As mentioned above, the cyclooctyne moiety is ideally suited to achieve site-specific labeling within the living cell. To verify the feasibility of such experiments with our approach, we expressed the red fluorescent protein mCherryTAG in E. coli in the presence of 1 mM 1 and tRNApyl/pylRSAF. Cells were then incubated in a 50 μM solution of the fluorogenic coumarin azide 3.17 Figure 2 shows that only cells expressing mCherryTAG→1,3 exhibit a strong fluorescence when excited at λ=405 nm. The fluorogenic in vivo labeling was also confirmed by fluorescence spectrometry (Figure 2 c) and by analyzing the fluorescence of cell lysate using SDS PAGE (see Supporting Information Figure S3–S5, also for additional imaging experiments with other proteins).

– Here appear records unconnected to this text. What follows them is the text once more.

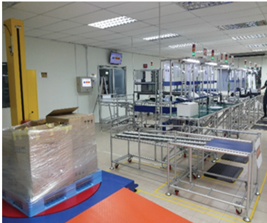
Figure 2: Photo of the Learning Factory Assembly Line.

and flexible overhead wiring system. Figure 3 shows various equipment installed in the learning factory
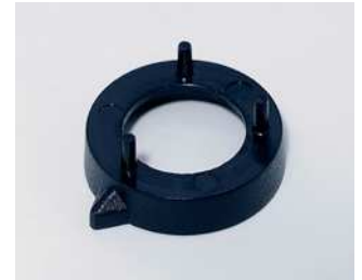
A7616000 Nut cover 16, without line ABS (UL 94 HB) black RAL 9005
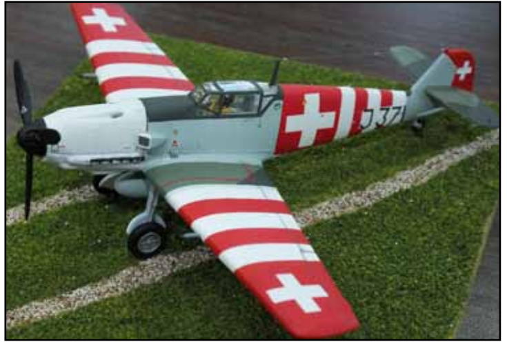
1/72 Airfix Messerschmitt Me 109G 'Swiss'
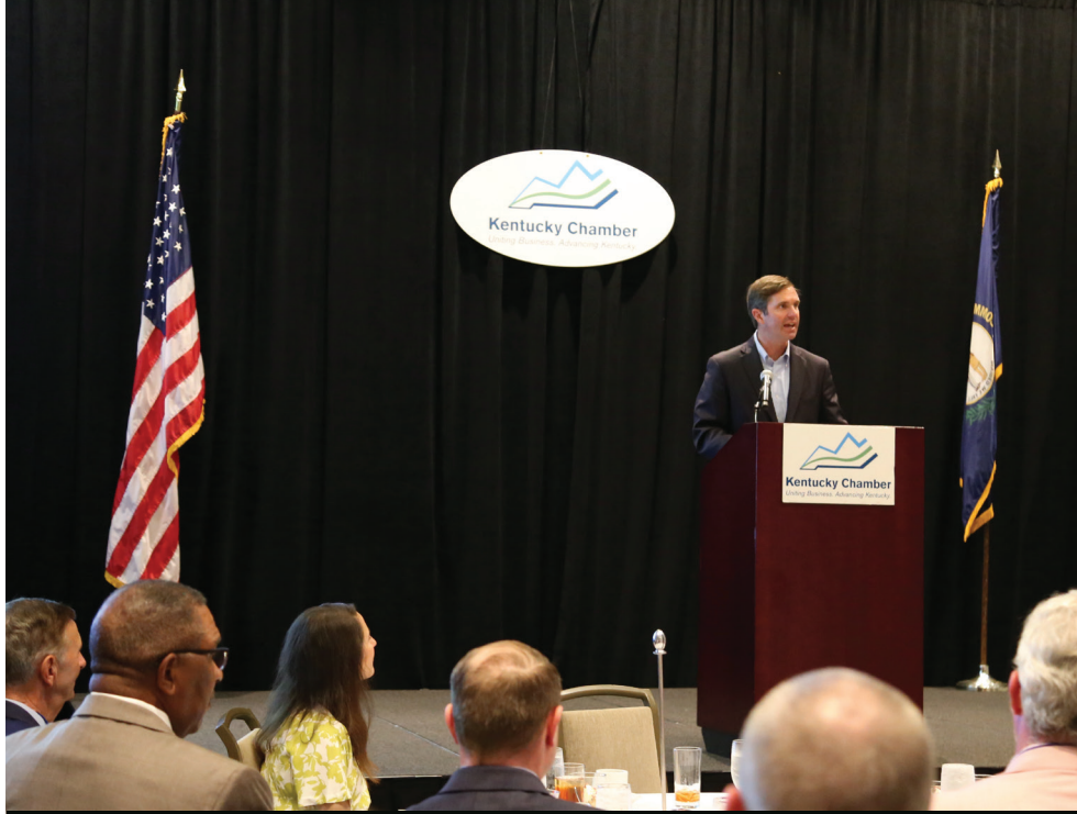
Governor Andy Beshear addresses Kentucky Chamber members at Public Affairs Forum, presented by Brown-Forman Corporation
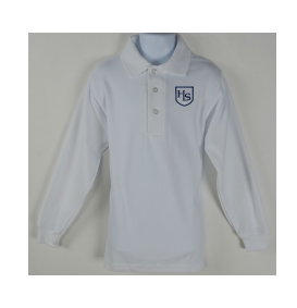
HLS Long Sleeve Polo
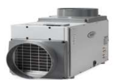
Fig 4: Ventilator with Dehumidifier

This ventilator removes excessive moisture from ventilated air in buildings located in areas with mild temperatures and high humidity in winter. Without this ventilator the air conditioner has to do all the work of conditioning the humid outdoor air, which can lead to over cooling and wasteful energy management. The ventilator removes humidity from the ventilated air before it reaches the building's living space.
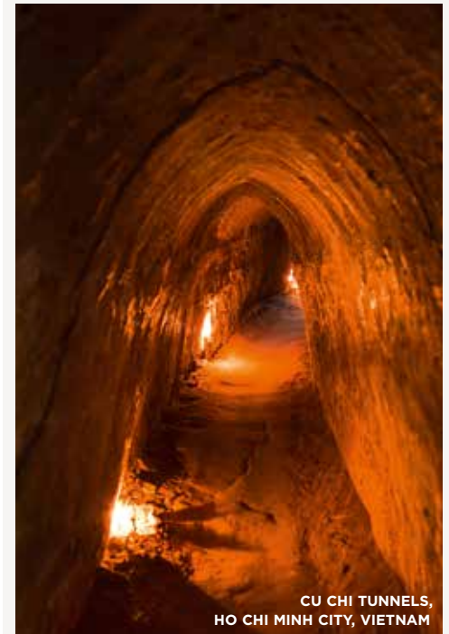
CU CHI TUNNELS, HO CHI MINH CITY, VIETNAM

SUITE CATEGORY WAS 9 983€ pp VERANDA from ..... 12 479€ pp 9 983€ pp
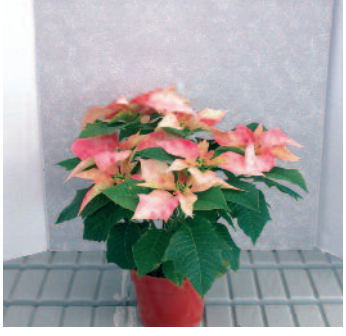
B-Nine / Cycocel as needed
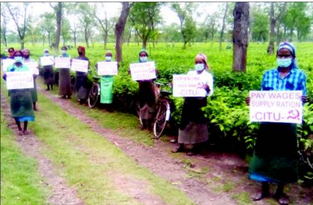
Workers of Kokrajhar tea estate staging a protest in demand of timely payment of wages and ration, on Tuesday.
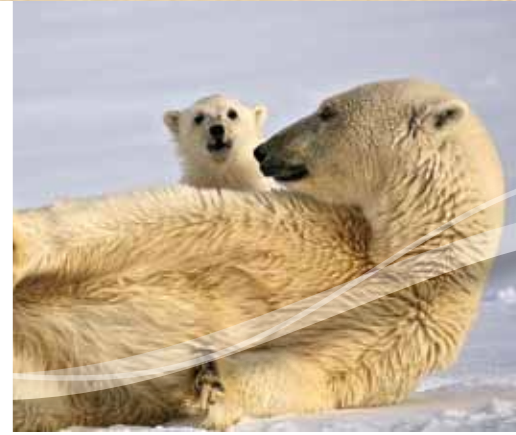
Spitsbergen – Kingdom of the Polar Bear
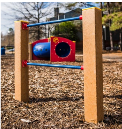
$655 HIGH JUMP RECFO011XX
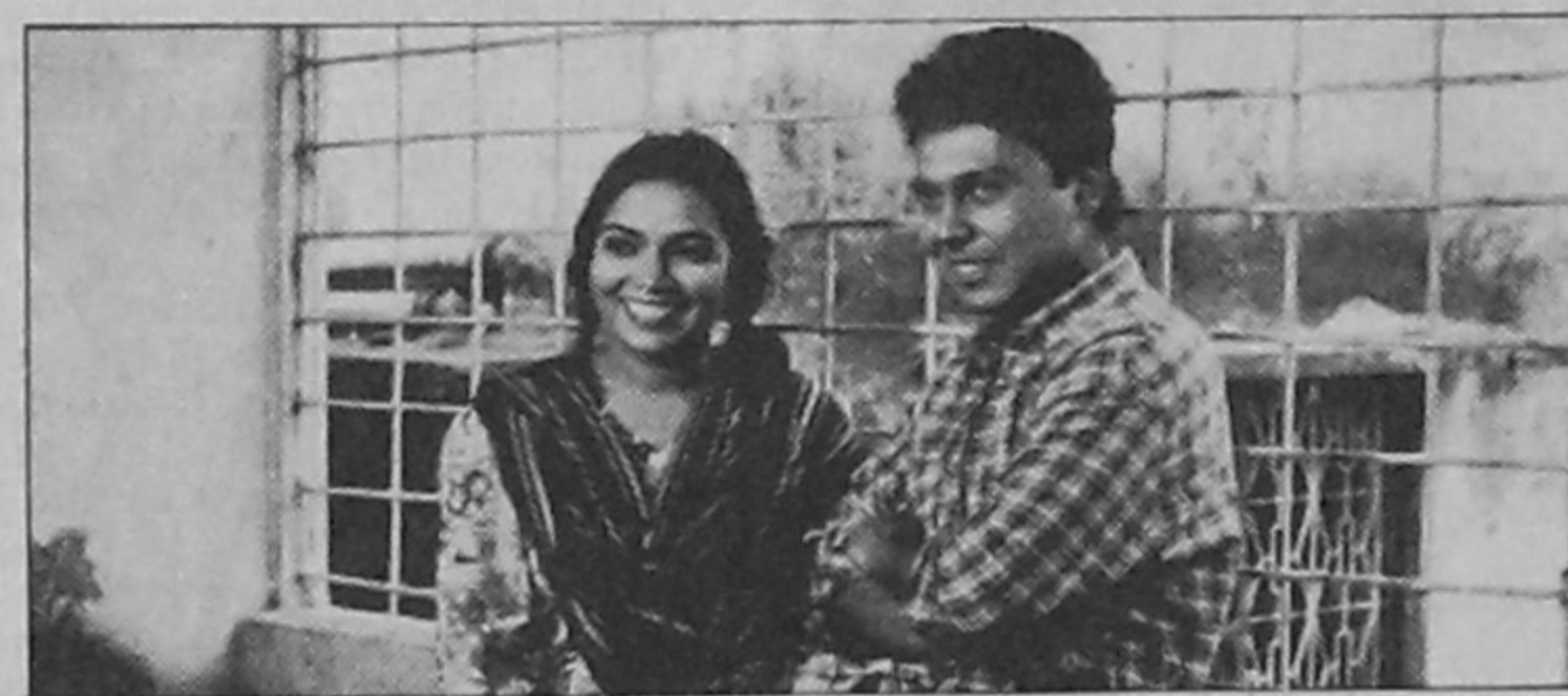
A scene from the drama series Durer Aakash
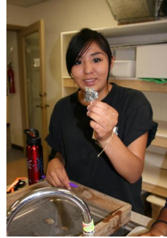
Skye discovers ancient pottery while cleaning artifacts in the laboratory
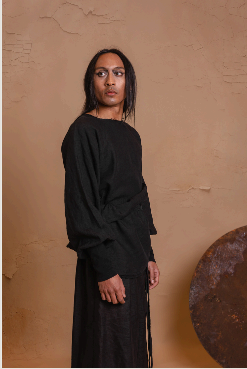
AETAS SWEATER - MULTIFUNCTIONAL WEAR
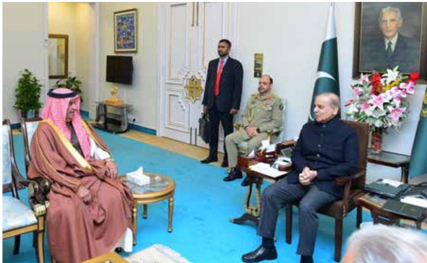
ISLAMABAD: General Sheikh Mohammad Bin Isa Bin Salman Al Khalifa, Commander of the National Guard of Bahrain calls on PM Shehbaz Sharif.

The situation in Gaza was also discussed and both sides called for an immediate ceasefire and ensuring urgent provision of humanitarian assistance to the innocent Palestinians
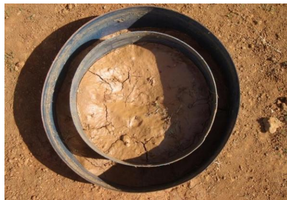
Fig. Double ring infiltration

Double ring infiltrometer is used to conduct the test in certain places of Hakankawadi like lake side, forest area, mundhewasti. Area of 2m by 4m was taken in all the places. The two cylinders are placed inside the soil but the measurement is taken in the inner cylinder only; the outer cylinder helps the water from the inner cylinder to flow vertically downwards and not horizontally. The cylinders are of height 60cm which are been digged up to a height of 20cm inside the soil using steel rod and hammer. Figure 1 shows the infiltrometer that has been used in this experiment with inner diameter 15cm and outer diameter 30cm. Cylinders are kept back 40cm above the ground surface in which the water was filled and the decreasing water level measurement was taken. Water is supplied evenly inside the ring without any disturbance of soil surface. A measuring scale of 30cm is placed in the inner cylinder and the initial water level of the inner cylinder is written down. The measurement was kept going until and unless a constant value of infiltration rate was reached . Two minutes and four minutes time interval and a total of 90 minutes were taken and the decrease in the water level was measured. The water level in the outer cylinder is kept at the same level as the water level in the inner cylinder.
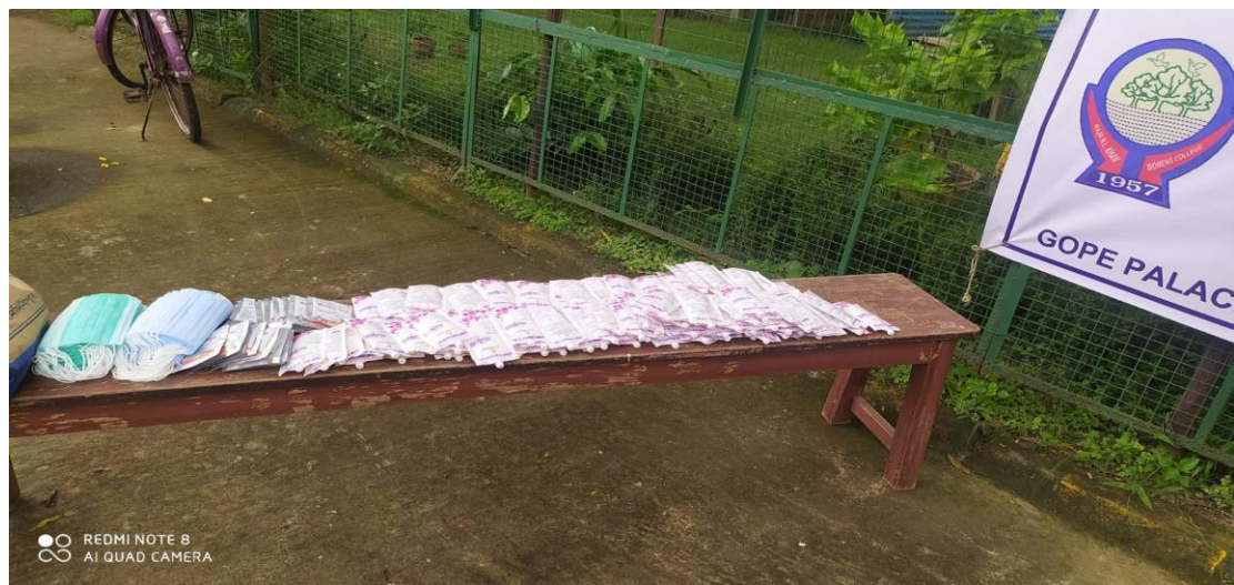
Fig. Balaka distributed Mask and Sanitizers.
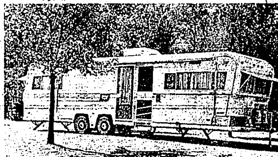
"HOLIDAY RAMBLER" -- a fun way to spend a vacation on the open road.

Tel-Twelve Mall is located in Southfield at Telegraph and Twelve Mile Roads. The show will remain open through March 18th from 10 AM to 9 PM daily and from noon to 5 PM on Sundays.
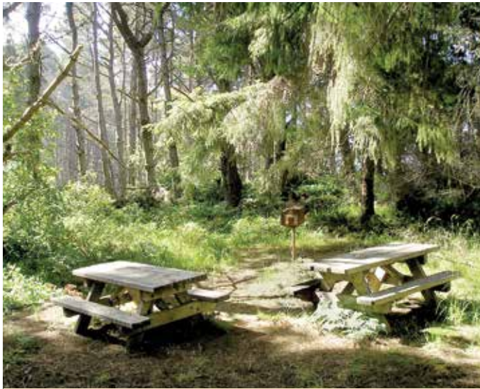
Fisk Mill Cove picnic area

Picnicking —Fisk Mill Cove, a day-use area with paved parking, picnic tables, upright barbecues, restrooms and drinking water, is shielded from the wind by Bishop pines. For a dramatic view of the Pacific Ocean, take a short walk from the north parking lot to Sentinel Rock’s viewing platform. Stump Beach, one of the few sandy beaches north of Jenner, has some picnic tables near the parking lot and a primitive toilet, but no running water. A ¼-mile trail leads to the beach. Gerstle Cove also has picnic tables, a primitive toilet and a scenic view of the ocean.
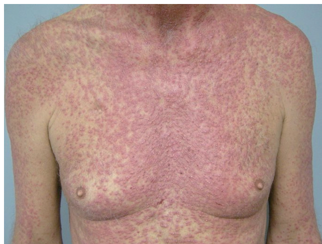
Figure 3 Acneiform rash affecting the chest during EGFR inhibitor treatment
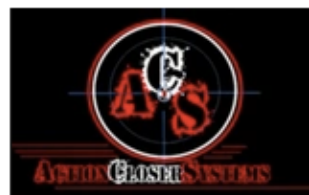
Action Closer General Member
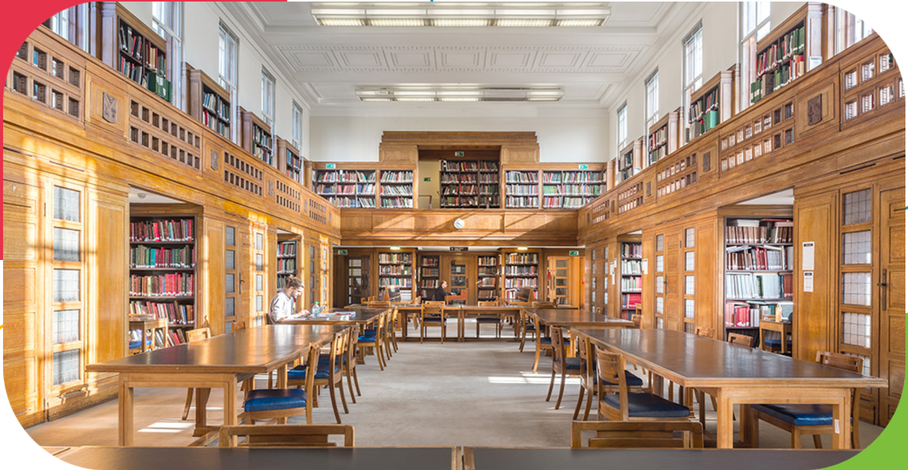
University of London, Senate House Library

94 Euston Street, London NW1 2HA +44 (0)20 7387 0317 sconul@sconul.ac.uk www.sconul.ac.uk
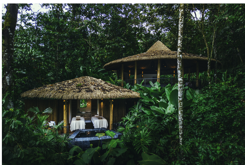
Nayara Tented Camp in La Fortuna, Costa Rica.

A daring avant-garde realm defying the limits of age itself, the Longevity Spa is the pièce de résistance of Portrait Milano. Enconced within architect Michele De Lucchi's meticulous restoration of a 1564 Archiepiscopal Seminary, this 7,500-square-foot domain alchemizes the building's Renaissance Revival soul with pioneering biohacking science. The design brilliantly merges past and future: beneath the seminary's towering vaulted ceilings, an atmosphere of tranquility reigns, with a showstopping pool and wet areas setting the tone for optimized rejuvenation through bespoke high-tech regimens. The Ferragamo family and their Longevity Suite collaborators have manifested a future-forward space that metabolizes cutting-edge technologies, regimens inspired by the world's Blue Zones, and a holistic philosophy of prospering through science-infused natural balance.
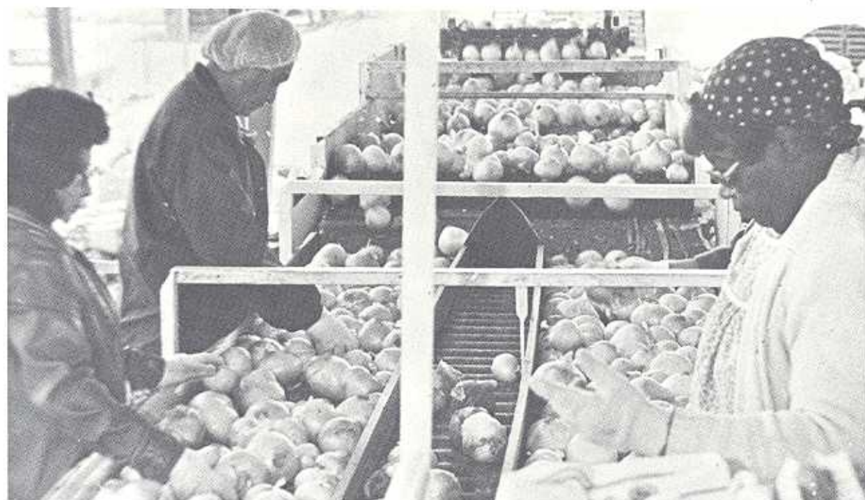
Onion sorting and grading
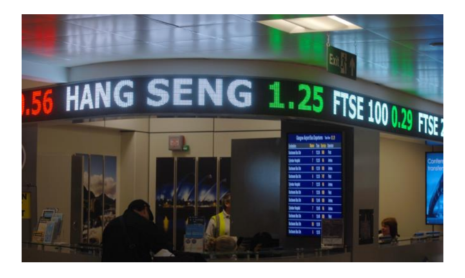
Above: Full colour Ticker at Glasgow airport showing stock market information Left: Stairwell display showing text in a vertical fashion
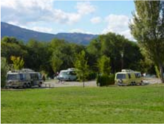
Campground Scenery #1
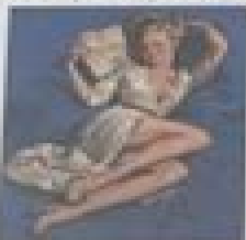
White Dress (Whitout) Model 1950, Gil Elvgren, Pin-up Art

October | Oktober | Octobre | Október | 10/1
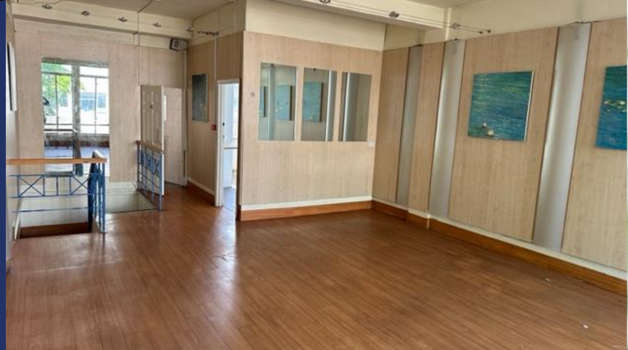
Second Floor Front of House
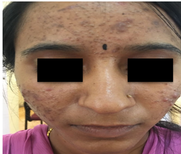
Fig. 2: A 24 year old female developed acne with hyperpigmentation due to topical

In the current study, majority of the patients (29%) misused TC for more than a year while 4% patients used the preparation for <1 week, 19% for less than 1 month, 22% of them used it for duration of 1 month to 3 months, 17% for a duration of 3 months to 6 months, 9% for 6 months to 1 year. Contrary to our study, a study conducted by Saraswat A et al, showed that majority of patients (117;27%) used the topical steroids for a period of 1 month to 3 months, with only 92 (21%) patients using TC for more than a year. 13 In a study by Bains P et.al duration of application of topical corticosteroids was <6 months (45%) in majority of patients. 14
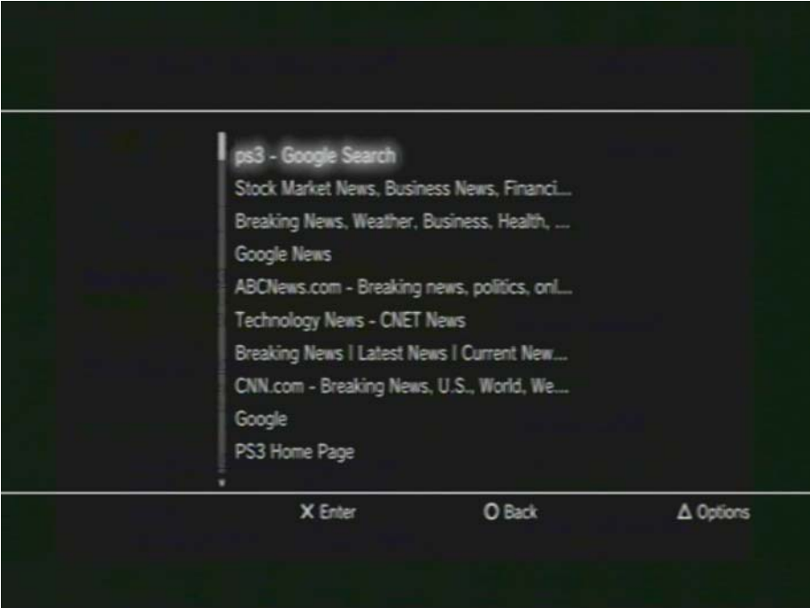
Figure 3. Browser history list.

In summary, we have genetically encoded one of the most potent functional groups for in vivo chemistry into E. coli and demonstrated its basic utility for in vivo labeling as well as high-resolution single-molecule measurements. SPAAC chemistry is now available to site-specifically and non-invasively modify proteins in living cells. As the tRNApyl/pylRSAF showed no obvious dependence on linker length (1 versus 2), it is conceivable that slightly altered derivatives, such as mono- and difluorinated cyclooctynes, and possibly bicyclonones,23 could be directly used in this system. Other enhanced cyclooctynes, such as dibenzocycloctynes,24 could pose substantial challenges to the synthetase and/or the host translational machinery owing to their larger size. As pylRS from M. mazei is orthogonal in a variety of eukaryotic organisms,19, 25 we are now evaluating the transfer of this system to mammalian cells, where the technique would not only greatly expand our abilities to track proteins in living specimen but also to introduce other type of functional groups, such as cross-linkers or spin-labels for NMR spectroscopy and magnetic resonance imaging (MRI) in living specimens.